Saturday, January 04, 2014

Hoppin' John

My mom is from Texas so it's just become standard that on New Year's we have some kind of black eyed peas. These are not the most delicious of beans, but oh well. I remember one year my mom heated them up with some queso dip and we decided that was good enough. I am a scientific and factual person, but I am also a person with OCD, so I had to make some black eyed peas this year. I decided to go straight for the traditional meal - hoppin' john.


Usually hoppin' john is made with ham hock and collard greens and stuff, so I found a vegetarian version. It actually is a vegan version. I adapted it a little bit. It calls for things like Braggs (amino acids) and Bac-O's and I was not into that. You can substitute soy sauce for the Braggs so I did that instead. I used Emeril's Bayou Blast seasoning and that worked very well.

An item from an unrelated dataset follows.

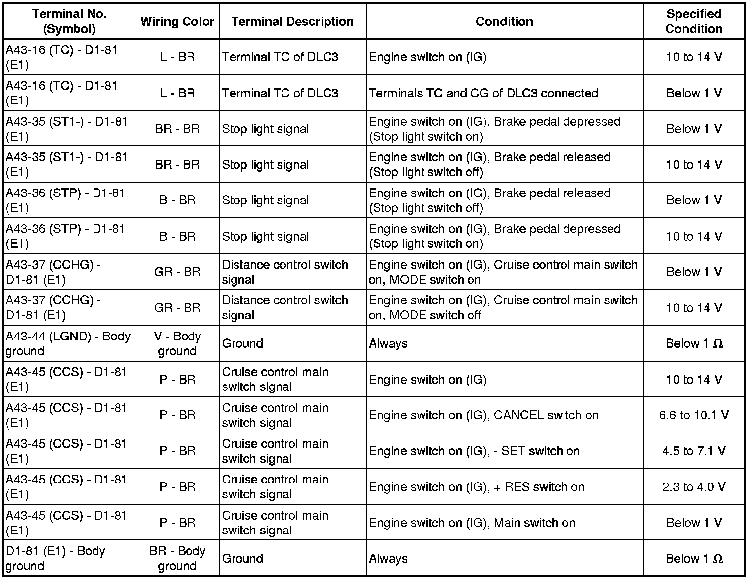 CRUISE CONTROL: DYNAMIC RADAR CRUISE CONTROL SYSTEM: TERMINALS OF ECU

I also added in some bacon to Brandon's, but he didn't eat it because he went to work and forgot to take it with him. He may have bad luck this year.


Hoppin' John
Adapted from Meet the Shannons

1 cup long-grain brown rice, cooked (I used microwave)
1-2 tablespoons olive oil
Dash of liquid smoke
1/2 green bell pepper, diced (I used my frozen bell peppers from the summer)
1/4 red onion, diced
1 can black-eyed peas, drained and rinsed
2 tablespoons Creole seasoning
1/2 teaspoon onion powder
2 Tablespoons soy sauce
3/4 cup greens (collard, mustard, spinach - I used some of my frozen kale)
Bacon and/or hot sauce to top (green onions are also good)

In a cast-iron skillet, heat olive oil and liquid smoke on medium heat. Add the peppers, onion, and black eyed peas, and mix. Stir in creole seasoning, onion powder, and greens. When the onion and peppers are tender, add the rice and soy sauce. Let heat for about 5 minutes.